Of the material below, only the lines from the line containing "雖然兒童房的配色要明亮,但是" down to the line containing "Terço Hematita São" belong in the answer, written out exactly.

* [Study material]
- Opening Delimiter -

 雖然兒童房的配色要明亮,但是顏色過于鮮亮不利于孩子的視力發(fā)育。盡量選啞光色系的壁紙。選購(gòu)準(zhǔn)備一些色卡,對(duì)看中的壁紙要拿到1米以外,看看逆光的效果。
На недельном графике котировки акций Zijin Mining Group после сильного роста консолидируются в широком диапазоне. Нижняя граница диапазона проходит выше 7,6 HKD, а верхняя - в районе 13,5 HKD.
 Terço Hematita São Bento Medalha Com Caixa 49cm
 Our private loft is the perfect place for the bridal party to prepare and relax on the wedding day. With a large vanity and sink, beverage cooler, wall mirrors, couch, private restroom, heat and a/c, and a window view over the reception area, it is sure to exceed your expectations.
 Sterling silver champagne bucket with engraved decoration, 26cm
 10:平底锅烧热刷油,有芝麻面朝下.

- Closing Delimiter -
- Opening Delimiter -

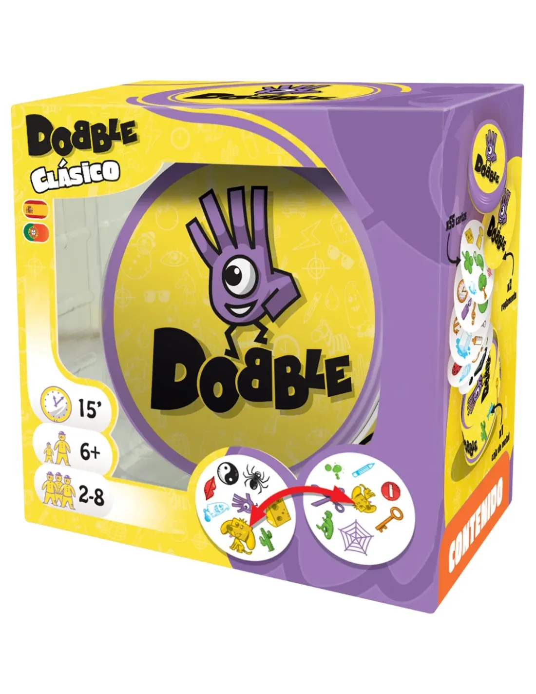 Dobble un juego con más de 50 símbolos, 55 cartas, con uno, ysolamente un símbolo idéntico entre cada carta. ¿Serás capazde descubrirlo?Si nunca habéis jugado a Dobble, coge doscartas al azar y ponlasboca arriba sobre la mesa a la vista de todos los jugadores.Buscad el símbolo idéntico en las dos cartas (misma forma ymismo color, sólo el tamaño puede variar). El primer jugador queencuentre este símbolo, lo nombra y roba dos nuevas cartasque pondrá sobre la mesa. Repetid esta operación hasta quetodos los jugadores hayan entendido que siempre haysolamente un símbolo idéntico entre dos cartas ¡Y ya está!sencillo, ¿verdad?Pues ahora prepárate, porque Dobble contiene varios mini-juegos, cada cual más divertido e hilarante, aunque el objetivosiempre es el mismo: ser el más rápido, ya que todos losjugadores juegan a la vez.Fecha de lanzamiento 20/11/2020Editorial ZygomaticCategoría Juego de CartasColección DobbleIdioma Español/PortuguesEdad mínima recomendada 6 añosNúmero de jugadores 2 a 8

- Closing Delimiter -

* [Problem solution]
 雖然兒童房的配色要明亮,但是顏色過于鮮亮不利于孩子的視力發(fā)育。盡量選啞光色系的壁紙。選購(gòu)準(zhǔn)備一些色卡,對(duì)看中的壁紙要拿到1米以外,看看逆光的效果。
На недельном графике котировки акций Zijin Mining Group после сильного роста консолидируются в широком диапазоне. Нижняя граница диапазона проходит выше 7,6 HKD, а верхняя - в районе 13,5 HKD.
 Terço Hematita São Bento Medalha Com Caixa 49cm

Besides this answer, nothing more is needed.